Orlando’s residential construction sector is hot

Orlando’s residential construction sector is hot

2022-07-18T01:44:56-04:00January 6th, 2021|Economy, Greater Orlando, Real Estate & Construction|

By: Joey Garrand

2 min read January 2021 — With historically low interest rates, mass migration to the area and a shortage of housing, Orlando is primed to be among the best in the nation with regard to residential construction in 2021.

According to the Orlando Regional Realtor Association, the total inventory of single-family homes, condos and townhomes/villas decreased by 26% from November 2019 to November 2020. It would be easy to assume a slowdown of construction caused by the pandemic for the decline but new listings have remained nearly constant from 2019 to 2020. Instead, the number of days properties are on the market has been decreasing. Demand is rising as well as prices, and supply is following suit. For example, Berkshire Hathaway’s Clayton Properties, the U.S. leader in manufactured houses, will today be presenting its plan to build more than 600 homes in Osceola County to the Osceola County Development Review Committee.

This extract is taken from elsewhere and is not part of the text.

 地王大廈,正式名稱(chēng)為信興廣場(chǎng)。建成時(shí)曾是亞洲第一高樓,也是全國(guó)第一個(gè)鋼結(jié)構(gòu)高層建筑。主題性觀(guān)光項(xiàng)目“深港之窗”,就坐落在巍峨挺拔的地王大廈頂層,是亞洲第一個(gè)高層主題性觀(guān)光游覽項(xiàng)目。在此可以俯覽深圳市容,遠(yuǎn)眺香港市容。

Concerning apartments, Orlando was ranked ninth in the nation in apartment construction starts for 2020. Apartment construction activity alone is estimated to have cost $1.6 billion and created 16,438 jobs. However, rent prices have dropped mildly in the region, and some believe Orlando will see a cooldown in new apartment construction activity for the first half of 2021. 

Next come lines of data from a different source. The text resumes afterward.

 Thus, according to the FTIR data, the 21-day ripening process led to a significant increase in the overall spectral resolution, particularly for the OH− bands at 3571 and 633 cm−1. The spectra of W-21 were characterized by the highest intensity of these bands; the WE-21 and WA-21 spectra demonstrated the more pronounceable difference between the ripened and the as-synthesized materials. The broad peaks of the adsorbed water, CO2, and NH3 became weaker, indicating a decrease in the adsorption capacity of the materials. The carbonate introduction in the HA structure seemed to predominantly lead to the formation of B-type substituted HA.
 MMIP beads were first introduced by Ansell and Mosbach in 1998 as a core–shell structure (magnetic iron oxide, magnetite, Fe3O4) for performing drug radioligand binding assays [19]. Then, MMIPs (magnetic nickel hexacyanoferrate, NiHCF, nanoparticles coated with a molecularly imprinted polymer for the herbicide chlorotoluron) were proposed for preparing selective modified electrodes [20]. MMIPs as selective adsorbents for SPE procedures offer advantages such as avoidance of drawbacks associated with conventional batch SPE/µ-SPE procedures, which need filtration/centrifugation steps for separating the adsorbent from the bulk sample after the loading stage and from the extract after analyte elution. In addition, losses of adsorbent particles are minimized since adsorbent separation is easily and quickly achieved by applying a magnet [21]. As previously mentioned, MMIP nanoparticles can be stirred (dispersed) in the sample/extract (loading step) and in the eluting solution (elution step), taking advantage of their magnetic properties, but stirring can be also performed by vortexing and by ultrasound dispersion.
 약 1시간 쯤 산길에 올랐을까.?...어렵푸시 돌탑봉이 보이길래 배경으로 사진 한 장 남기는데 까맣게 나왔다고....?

In the five years leading up to 2020, apartment occupancy floated around 96% to 97%. In 2020, with the combined effects of the pandemic and elevated supply, the occupancy rate dropped to 95%. In the coming year, Orlando is anticipating its highest volume of apartment completion in over 25 years. Some experts believe that the combination of a decreased occupancy rate and large apartment completion volume will further deteriorate occupancy and hurt rent prices.

However, this theory is counterintuitive to the large number of apartment construction starts throughout 2020 and expected economic growth going forward. According to RealPage, Manhattan, Downtown San Francisco and certain neighborhoods in Los Angeles are the only areas that saw significant drops in the number of apartment renter households. The theory of a cooling apartment construction market doesn’t align with actual start numbers and the stable number of apartment renter households. As well, it’s expected that the newly released coronavirus vaccine will help spur a return to more normal life and economic activity.

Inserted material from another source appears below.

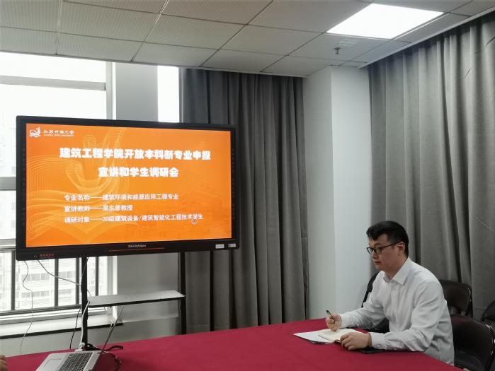 首先,韦定兵向学生宣布建筑设备工程系将于本年度申报开放本科新专业——建筑环境与能源应用工程;接着,杲东彦教授从新专业的人才培养方案、职业面向、人才市场需求以及与建筑设备、建筑智能化专业课程体系对接向学生作了一一介绍;最后,围绕“是否愿意报考”“影响报考开放学习的因素”“对新专业申报有何建议”等问题师生们展开热烈讨论,同学们纷纷表示,在科技水平迅猛发展的时代,终身学习十分必要,如果学校能提供与自身职业需求和职业发展相契合的继续学习途径,一定会选择参与学习,不断提升自我。

Historically low interest rates are among the drivers behind apartment construction activity in the Orlando area. Lower rates make projects more affordable and profitable, helping to offset the effects of the pandemic. Historically, the U.S. economy has been the strongest in the world. Investors, both domestic and international, are anticipating the overall U.S. economy, which has a tremendous amount of fiscal flexibility, to recover. Florida, ranked first among all states in both international and domestic net migration, is expected to be at the forefront.

Florida is a global brand. It’s known for its amazing weather, exceptional quality of life and diversity. Orlando, located in the middle of the state, is known worldwide for its amusement parks and attractions, and has seen well over a 20% increase in population since 2010. There’s no good reason for Orlando to lose its global brand as a center for amusement, especially as tourism has been steadily increasing month-to-month, nor for Florida to lose its status as the primary destination for migration in the United States. Orlando will continue to be a prime location for residential investment.